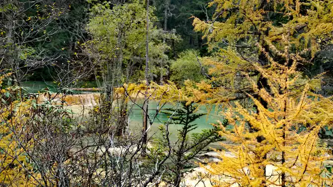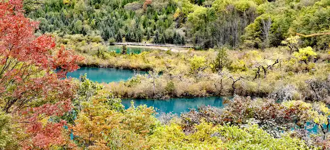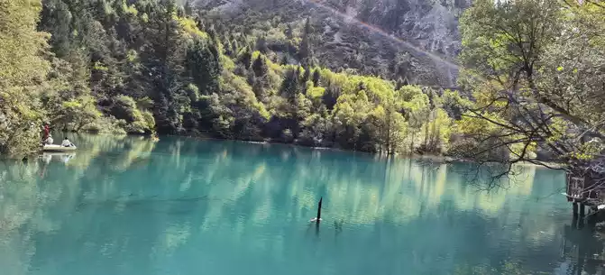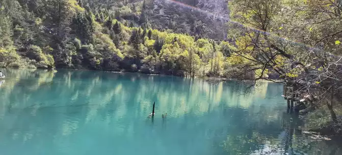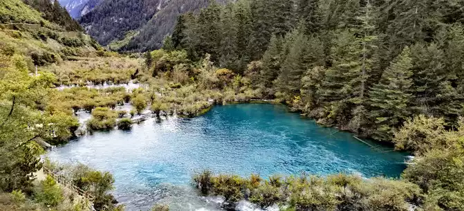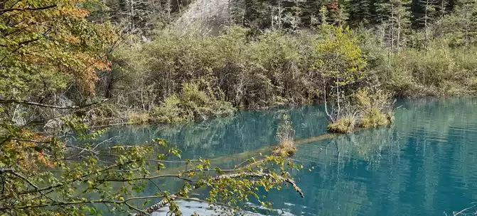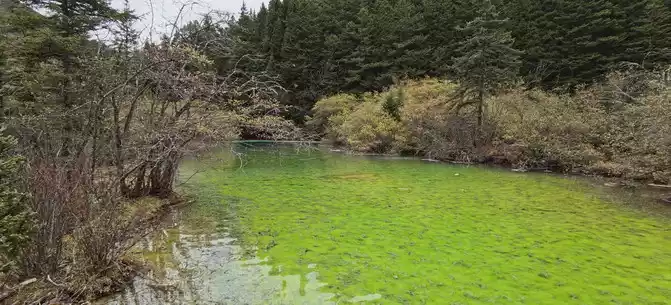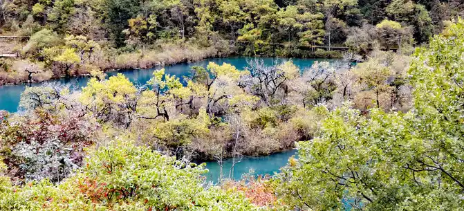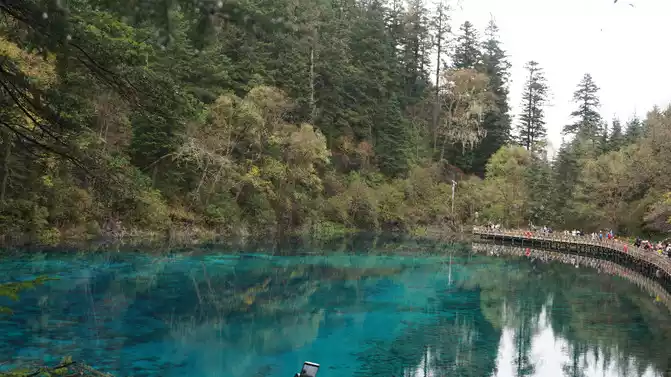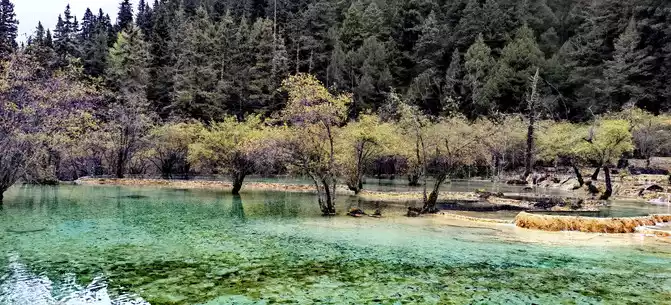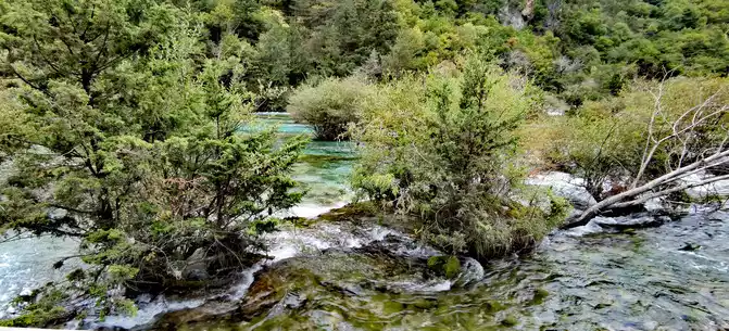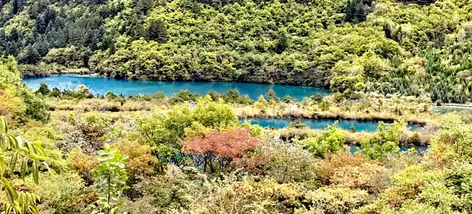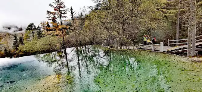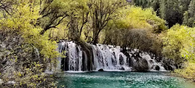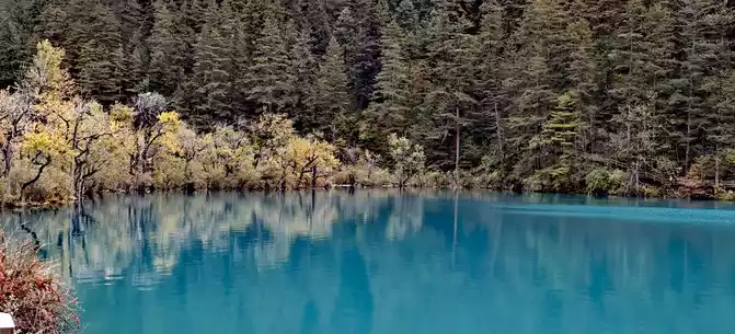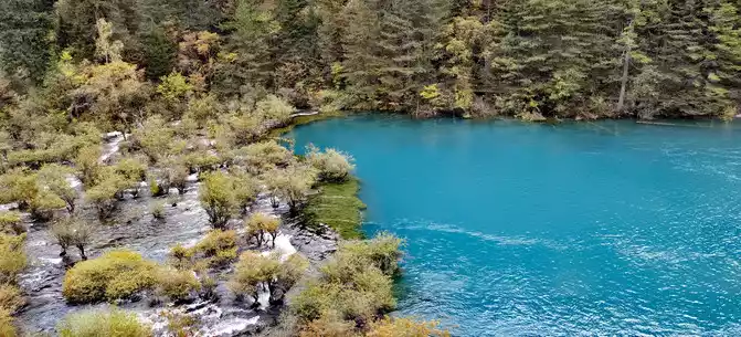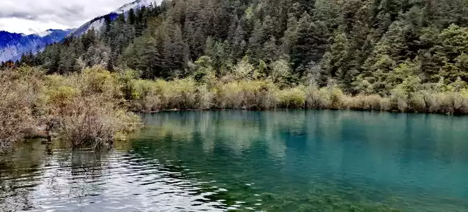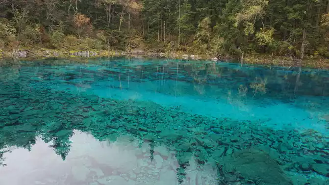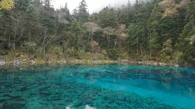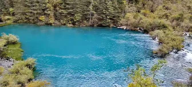 The colorful pool is hidden in the dense forest like a huge sapphire, and it is the smallest and most gorgeous pool in Jiuzhaigou. 1 km down from Changhai is the colorful pool. Photos really can't record the brilliant colors that the water surface of the colorful pool should have.
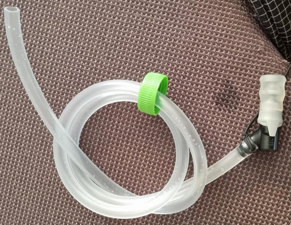 Servus, Noch mehr MYOG von mir heute. Hab mir nen Trinkschlauch für meine PET Flasche in der Seitentasche des Rucksacks gebastelt. Materialkosten 4,50€ für das Mundstück, der Rest war daheim. Ich habe immer zu wenig getrunken beim laufen, weil ich den Rucksack nicht absetzen wollte. Das Problem ist hoffentlich jetzt gelöst Super easy mit Schere und Bohrer. Habs mit etwas Elastikkordel vorne am Träger befestigt, damit es in Reichweite ist. Ich hoffe, sowas gabs noch nicht und es macht Sinn, das ich das zeige.1 Punkt
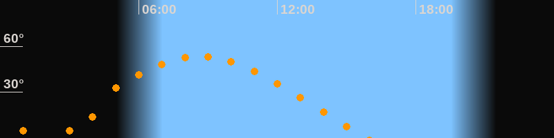| Höchster Stand (Kulmination) | 08:38 Uhr (h = 53,4°) |
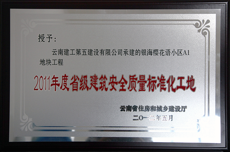 第一直管部承建施工的銀海櫻花語小區(qū)A1地塊工程獲“2011年度省級建筑安全質(zhì)量標準化工地”稱號
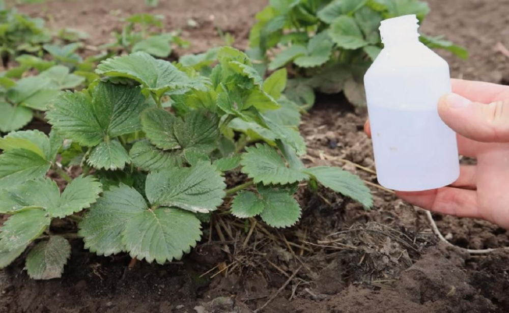 - Плодоносящую клубнику безопасно обрабатывать нашатырным спиртом и йодом, разведенными водой. Также можно использовать перекись водорода, золу и борную кислоту.
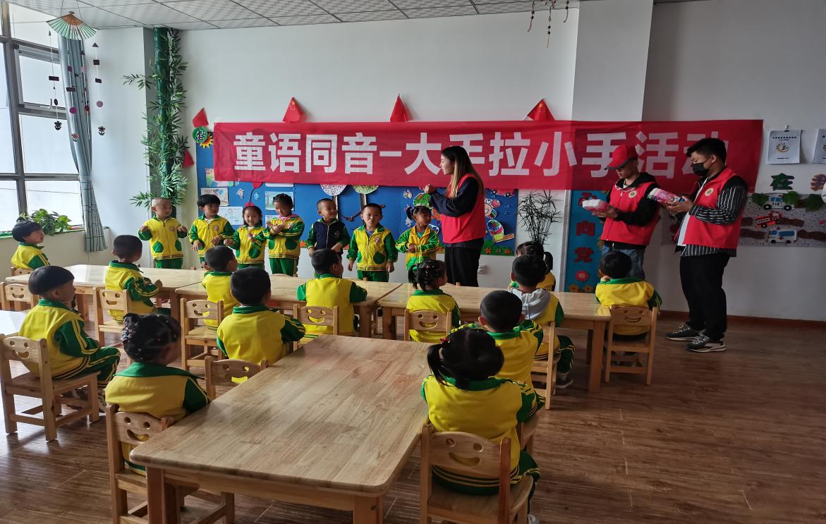為認(rèn)真貫徹落實(shí)《教育部等九部門關(guān)于開展第24屆全國推廣普通話宣傳周活動的通知》(教語用函〔2021〕1號)、《甘肅省語言文字工作委員會等九部門關(guān)于開展第24屆全國推廣普通話宣傳周活動的通知》要求,進(jìn)一步加大國家通用語言文字推廣力度,9月14日,學(xué)院推普志愿隊(duì)師生在古浪綠洲小鎮(zhèn)第一幼兒園開展童語同音-大手拉小手推普活動,推普志愿隊(duì)詳細(xì)了解小鎮(zhèn)幼兒教師及兒童的普通話普及情況,并與大、中班幼兒進(jìn)行了有趣的互動活動。
┄┄┄┄┄┄
ASSIGNED TASK -> All of the material above must be given again verbatim, except for the pictures.

TASK ANSWER ->
 The colorful pool is hidden in the dense forest like a huge sapphire, and it is the smallest and most gorgeous pool in Jiuzhaigou. 1 km down from Changhai is the colorful pool. Photos really can't record the brilliant colors that the water surface of the colorful pool should have.
 Servus, Noch mehr MYOG von mir heute. Hab mir nen Trinkschlauch für meine PET Flasche in der Seitentasche des Rucksacks gebastelt. Materialkosten 4,50€ für das Mundstück, der Rest war daheim. Ich habe immer zu wenig getrunken beim laufen, weil ich den Rucksack nicht absetzen wollte. Das Problem ist hoffentlich jetzt gelöst Super easy mit Schere und Bohrer. Habs mit etwas Elastikkordel vorne am Träger befestigt, damit es in Reichweite ist. Ich hoffe, sowas gabs noch nicht und es macht Sinn, das ich das zeige.1 Punkt
| Höchster Stand (Kulmination) | 08:38 Uhr (h = 53,4°) |
 第一直管部承建施工的銀海櫻花語小區(qū)A1地塊工程獲“2011年度省級建筑安全質(zhì)量標準化工地”稱號
 - Плодоносящую клубнику безопасно обрабатывать нашатырным спиртом и йодом, разведенными водой. Также можно использовать перекись водорода, золу и борную кислоту.
為認(rèn)真貫徹落實(shí)《教育部等九部門關(guān)于開展第24屆全國推廣普通話宣傳周活動的通知》(教語用函〔2021〕1號)、《甘肅省語言文字工作委員會等九部門關(guān)于開展第24屆全國推廣普通話宣傳周活動的通知》要求,進(jìn)一步加大國家通用語言文字推廣力度,9月14日,學(xué)院推普志愿隊(duì)師生在古浪綠洲小鎮(zhèn)第一幼兒園開展童語同音-大手拉小手推普活動,推普志愿隊(duì)詳細(xì)了解小鎮(zhèn)幼兒教師及兒童的普通話普及情況,并與大、中班幼兒進(jìn)行了有趣的互動活動。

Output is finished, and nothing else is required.